On May 12, Schmidt got on the operating table a sick man and woke up almost immediately healthier. Within hours his creatinine levels dropped dramatically and continued to fall. Six weeks on, he was no longer hooked to a machine nine hours a day. He was doing yard work. He started swimming again. He saw the blessings of food and support brought by friends. He and Reimer talked daily. Reimer, who climbed on to the operating table a healthy man, woke up sick and in pain, his body adjusting to the loss of a major organ. Post-surgery, the remaining kidney will function at 50 per cent and then over time will learn to work harder, reaching a healthy functioning 70 to 80 per cent and the donor will not feel any different. Reimer said he hadn’t considered the recovery at all going in, and it has been a tough one.
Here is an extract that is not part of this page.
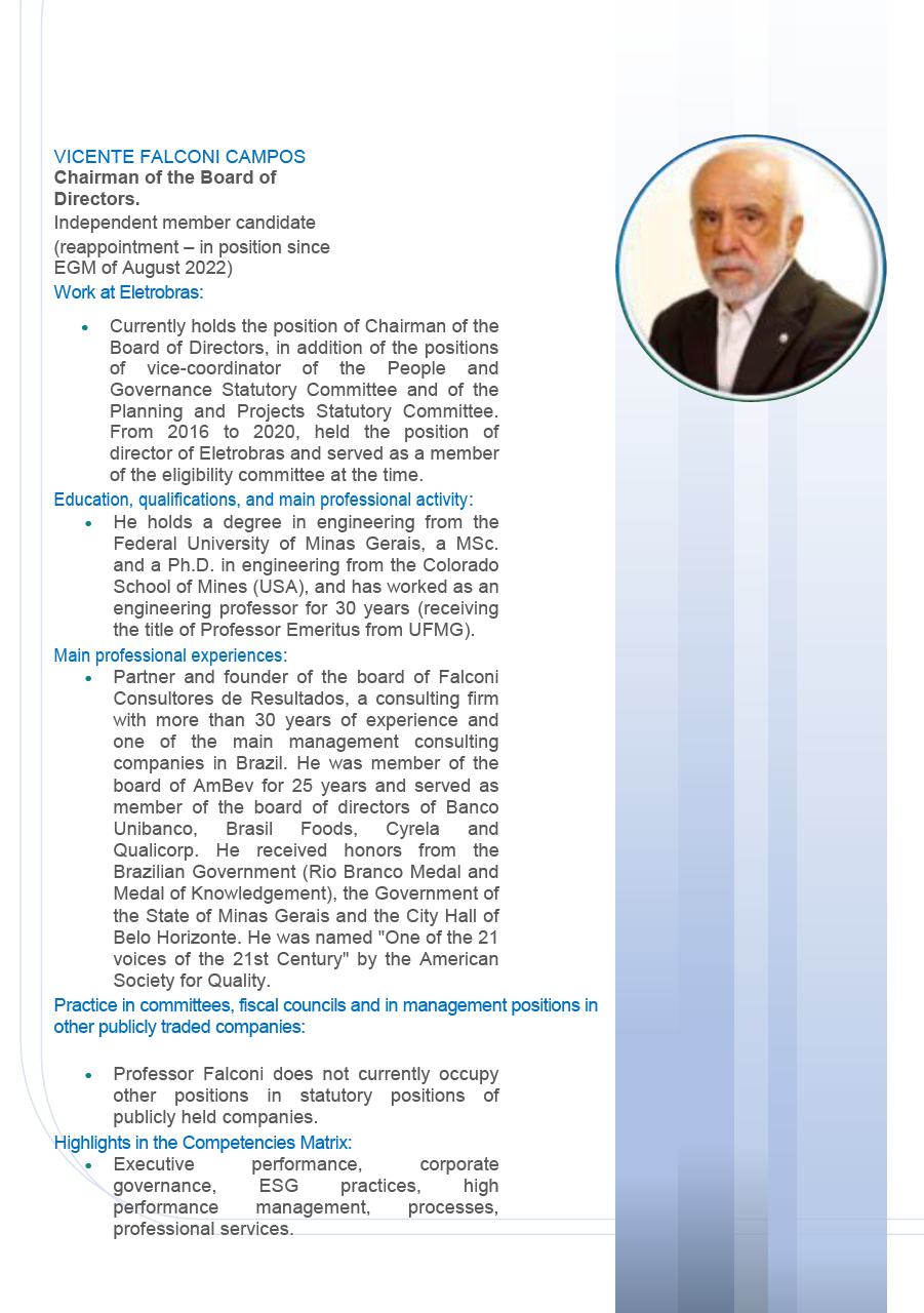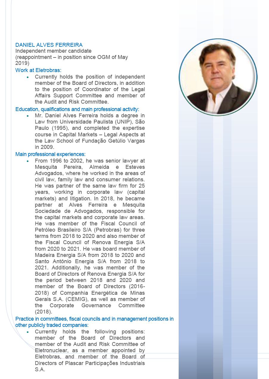 Paragraph 5 - The candidates nominated by the Federal Government pursuant to this Article 20 and respective paragraphs shall comply with the provisions of these Bylaws and the applicable Eletrobras’ internal policies, including their eligibility.

But he said he would do it all over again. It was all worth it.
For Schmidt, he has a new perspective. “Once you realize what really matters in life, you just step back…It’s been a blessing in so many ways.”
Schmidt and Reimer are part of the UFFW L867 IAFF union, and president Tom Bilous had this to say of the two firefighters:
“Firstly, on behalf of our 1500 UFFW members, I can say that we are all extremely pleased that Brother Schmidt and Brother Reimer are recovering well! Everyone is relieved to learn that they are both on the road to good health and should be returning to the job soon. Secondly, this noble and selfless act that has occurred here, really is in keeping with what are some true core values of firefighters. Courage and always having each other’s backs. They truly exemplify both. We are very proud of these guys. Theirs is an amazing story that will now bond them well beyond any uniform. They are part of our extended fire fighting family. We absolutely look forward to having them on the rigs with us and wish them long healthy careers doing what they love.”
Part of Schmidt’s journey has also been to spread awareness about organ donation. In 2020 he was interviewed by CBC News on the long wait times facing people needing kidneys in Manitoba. The WFPS Fire Chief Christian Schmidt [no relation], said “It never ceases to amaze me how often we see our first responders taking care of each other. The Winnipeg Fire Paramedic Service as a whole has amazing people, and this is just another example of the commitment our members have to one another. Kyle and Russ exemplify this commitment and their actions now will now increase public awareness on organ donation, most certainly helping to save more lives.”